Next, we will try to identify GO terms connected to ChIP-Seq peaks calls using GREAT. We need `bed` files to use the GREAT portal. We will do the conversion from a `bigBed` file to a `bed` file on our AWS session

- In the IHEC Data Portal, go back to the default grid page (by clicking on Data Grid in the top bar). For assembly `Human (hg38)`, filter the tissues list to keep only “Bone Marrow” tissues

![](./img/GREAT_select_bone_marrow.png)

- Select the datasets for cell type “Myeloid cell” and assay H3K27ac

![](./img/GREAT_bone_marrow_h3k27ac.png)

- For this exercise, we will download only one of the bigbeds for available datasets. Pick up the dataset below, for sample `ERS1027405`:

![](./img/GREAT_selectSomeBoneMarrowDatasets.png)

- Click “Download tracks” at the bottom of the grid

- On the download page, click on `View Full URL List`. This will give you a text list with all tracks of interest Copy the link to this page in your clipboard, using the address provided in your browser’s URL bar

![](./img/GREAT_batch_download.png)

- Open another terminal session to get into AWS

- Go to your module5 directory and create a place to put the material we will download

```{}
cd ~/workspace/module5
mkdir great
cd great
```

- For you own analyses, you can download a bunch of tracks at the same time by using wget on a list of URLs
  - Use the **wget** command to download the text file that contains the list of tracks

```{}
wget -O trackList.txt 'https://epigenomesportal.ca/api/datahub/download?session=18731&format=text'
```

- Now download the tracks that are contained in this list

```{}
wget -i trackList.txt
```

- Convert the bigbed using the UCSC set of tools

```{}
bigBedToBed 58394.Blueprint.ERS1027405.H3K27ac.peak_calls.bigBed 58394.Blueprint.ERS1027405.H3K27ac.peak_calls.bed
```


:::: {.callout type="blue" title="Note"}

If you’re under Linux / Mac, you can also install the UCSC tools locally, as they are a useful set of tools to manipulate tracks data, without requiring so much processing power.

::::

- GREAT has a limit on the number of regions to be tested in one execution.
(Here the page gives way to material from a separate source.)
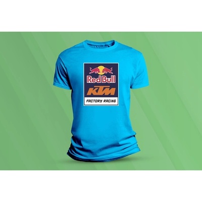 Pánské triko BACKPRINT Pánské modré triko s logem Red Bull KTM Racing Team na zádech. - Kolekce 2021 - Krátký rukáv - Rovný střih - Kulatý výstřih - Na hrudi a zádech...
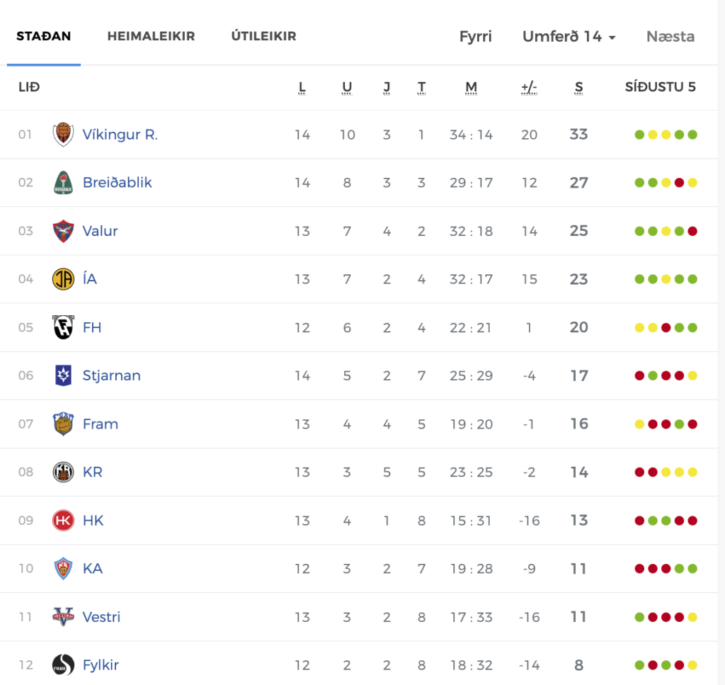 ÍA er í fjórða sæti deildarinnar með 23 stig eftir 13 umferðir.

Therefore, we need to subsample our file. We can create a BED file subsample this way:
  - Sort BED file in random order with `sort -R`
  - Take the 20000 first lines in the file with head `-n20000`

```{}
sort -R 58394.Blueprint.ERS1027405.H3K27ac.peak_calls.bed > 58394.Blueprint.ERS1027405.H3K27ac.peak_calls.random.bed
head -n 20000 58394.Blueprint.ERS1027405.H3K27ac.peak_calls.random.bed > 58394.Blueprint.ERS1027405.H3K27ac.peak_calls.random_short.bed
```

- From your local computer, download the BED file `58394.Blueprint.ERS1027405.H3K27ac.peak_calls.random_short.bed` locally using your browser

```{}
http://<your VM ip address>/module5/great/58394.Blueprint.ERS1027405.H3K27ac.peak_calls.random_short.bed
```

- Load the GREAT website: http://bejerano.stanford.edu/great/public/html/
- Provide the following input to the GREAT interface:
  - Assembly: Human: GRCh38
  - Test regions: The randomized short version of the BED files you just downloaded (58394.Blueprint.ERS1027405.H3K27ac.peak_calls.random_short.bed)
  - Leave the “Background regions” to its default value, “Whole Genome”

- Submit the form

- In the results, for instance, you should obtain something like this for biological processes:

![](./img/GREAT_go_biological_process.png)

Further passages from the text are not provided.